ECLI:NL:TVVTPVV:2011:YE0030 Tuchtgerecht Productschap Vee en Vlees Zoetermeer TPVV0511

ECLI: ECLI:NL:TVVTPVV:2011:YE0030
Datum uitspraak: 31-05-2011
Datum publicatie: 31-05-2011
Zaaknummer(s): TPVV0511
Onderwerp: Diergezondheid
Beslissingen: Geldboete
Inhoudsindicatie: B-bedrijf heeft twee keer aan meer dan zes D-bedrijven varkens afgevoerd binnen een periode van zes weken. Alleen de overtreding begaan ná een waarschuwingsbrief van het PVV wordt betrokkene door het Tuchtgerecht aangerekend. Ter zitting heeft betrokkene aangevoerd dat hij de "balk" op het transportdocument in een (te) laat stadium constateerde, namelijk eerst nadat de biggen geladen waren en dat het niet doenlijk is om de biggen dan nog "terug" te halen. Betrokkene heeft toegelicht dat hij in de stal wacht op de komst van de transporteur en, zodra de transportwagen gearriveerd is, de af te leveren biggen, vanuit een voorsorteerruimte, het voertuig indrijft, zonder hulp van derden. Eerst daarna ontvangt betrokkene van de chauffeur het transportdocument. Het Tuchtgerecht is van oordeel dat betrokkene met de geschetste handelswijze het risico neemt dat een ongeoorloofd transport zal plaats vinden. Betrokkene dient de werkprocessen binnen zijn bedrijf zodanig vorm en inhoud te geven dat correcte naleving van de verordening steeds mogelijk is.

Zaaknummer:

TPVV 05/2011

Betrokkene:

[bedrijfsnaam] v.o.f.

[naam betrokkene]

[adres]

Datum:

31 mei 2011

Gang van zaken:

De zaak berust op een berechtingsrapport dat het Centrum voor Bedrijfsdiensten BV (CBD) heeft opgemaakt onder nummer VVL1154, naar aanleiding van een op 14 maart 2011 door een controleur van genoemde BV gehouden inspectie met betrekking tot het bedrijf van betrokkene, dat geregistreerd is onder UBN [UBN-nummer].
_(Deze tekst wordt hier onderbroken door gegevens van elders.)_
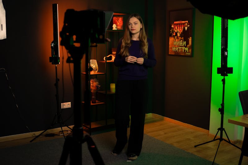 Красиві локації, які можна змінювати залежно від ваших потреб, професійні камери, мікрофони, світло та штативи.
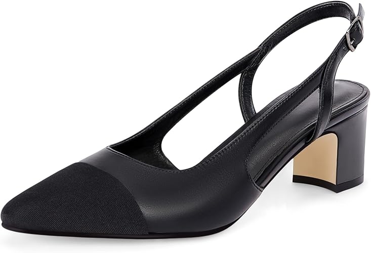 Coutgo Womens Slingback Kitten Heels Low Chunky Heel Splicing Toe Office Wedding Dress Pumps Shoes
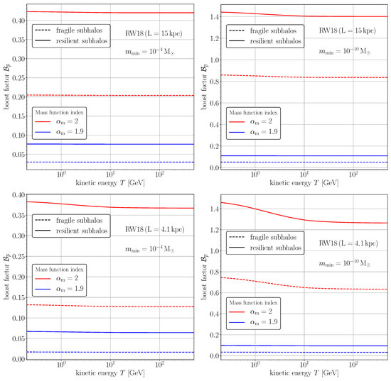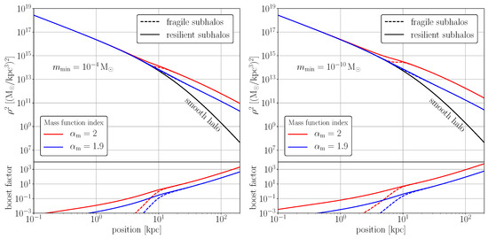 This is not quite the boost factor used in indirect searches, which is defined through a ratio of fluxes (see Equations (23) and 29)). The boost in Equation (20) is rather the local increase in the annihilation rate due to clustering. According to this definition, the boost is zero if , i.e., substructures are not included.2
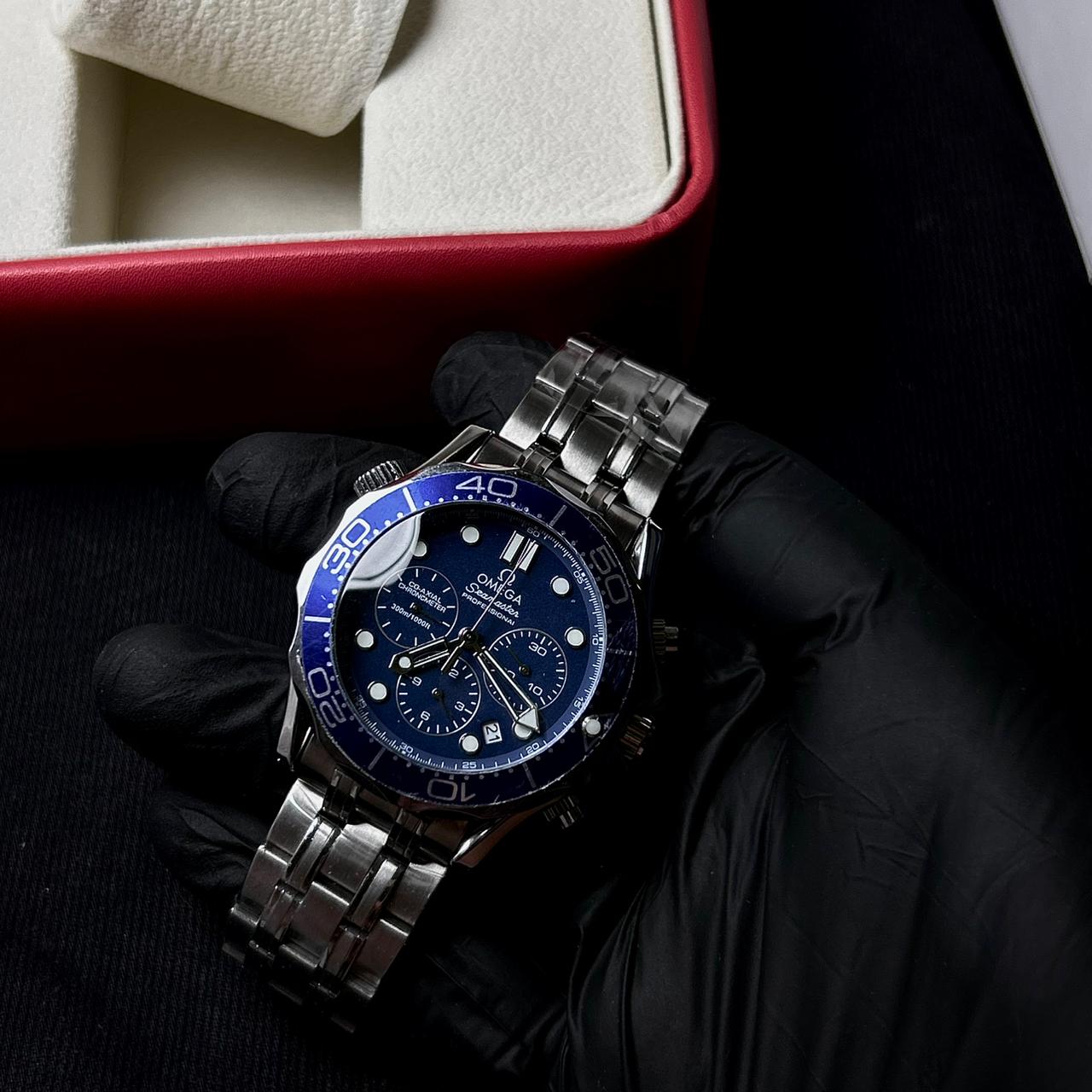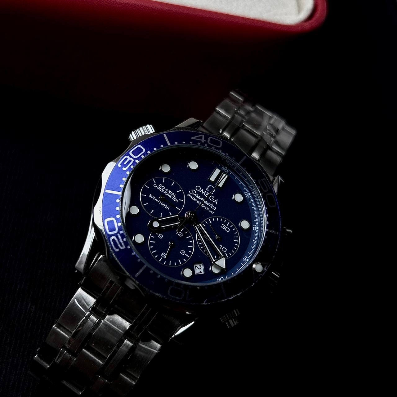Classic yet contemporary, this Omega Seamaster homage radiates nautical charm with its captivating blue dial and matching unidirectional bezel. The polished stainless steel case and bracelet reflect refined craftsmanship, while the luminous markers and chronograph subdials ensure both elegance and function. Designed for precision and confidence, it perfectly captures the spirit of oceanic adventure and timeless sophistication.

Bovengenoemd berechtingsrapport houdt in de constatering van de navolgende feiten door betrokkene begaan, zoals in de in deze zaak opgemaakte schriftelijke verklaring, als bedoeld in artikel 15 van de Wet tuchtrechtspraak bedrijfsorganisatie 2004, omschreven.

Het Tuchtgerecht heeft de zaak op 17 mei 2011 behandeld op zijn openbare terechtzitting, gehouden te Amersfoort.
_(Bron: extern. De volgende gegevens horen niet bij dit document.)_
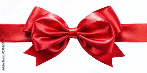 Red Silk Ribbon Bow, Festive Holiday Decoration, Panoramic, Isolated White Background
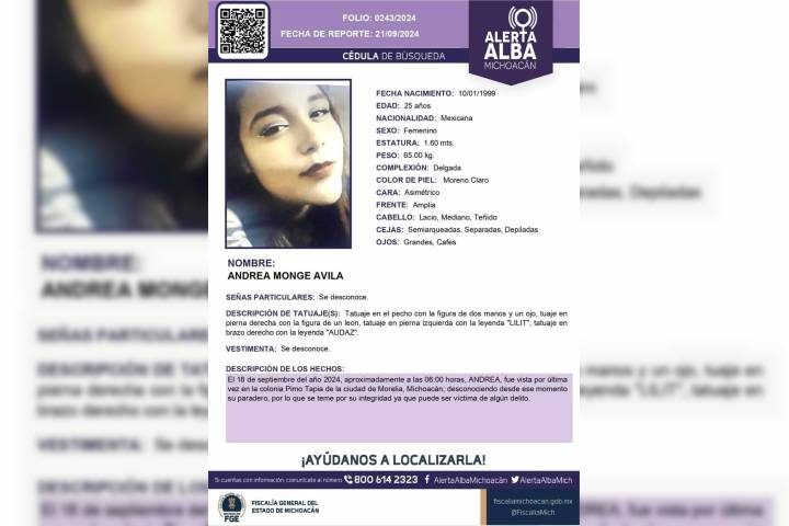 Se solicita la ayuda de la ciudadanía para localizar a Andrea Monge Ávila, de 25 años de edad, quien fue vista por última vez el pasado 18 de septiembre en la colonia Primo Tapia, en Morelia.

Ter terechtzitting is verschenen [naam betrokkene], geboren op [geboortedatum] te [geboorteplaats], thans wonende aan de [adres], vennoot van de v.o.f. (hierna: betrokkene).

Voorts zijn ter zitting verschenen de heer mr. R.B.R. Henke, namens het Productschap Vee en Vlees (PVV), en de heer H.G.M. Grolleman, namens het CBD.
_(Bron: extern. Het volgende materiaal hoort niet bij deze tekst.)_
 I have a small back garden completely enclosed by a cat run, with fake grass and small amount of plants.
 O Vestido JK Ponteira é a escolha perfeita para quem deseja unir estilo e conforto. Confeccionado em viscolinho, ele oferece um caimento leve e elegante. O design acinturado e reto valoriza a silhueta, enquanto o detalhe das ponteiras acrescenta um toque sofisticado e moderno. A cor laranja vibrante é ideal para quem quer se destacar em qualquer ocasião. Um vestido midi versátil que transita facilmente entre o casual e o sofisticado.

Het Tuchtgerecht heeft op 31 mei 2011 uitspraak gedaan.

Verweten gedraging:

Het twee keer als B-bedrijf aan meer dan zes D-bedrijven varkens afvoeren binnen een periode van zes weken.

Verklaring van betrokkene:

Ter terechtzitting heeft betrokkene onder meer verklaard, zakelijk weergegeven:

Betrokkene onderschrijft de regelgeving met betrekking tot varkensleveringen alsmede het feit dat die regelgeving moet worden gehandhaafd. Als bestuurder van de adviescommissie van het PVV heeft hij ook met de verordening ingestemd. Betrokkene heeft als ondernemer een meer praktische benadering van de voorschriften, waar het productschap naar zijn idee een meer theoretische en juridische benadering toont.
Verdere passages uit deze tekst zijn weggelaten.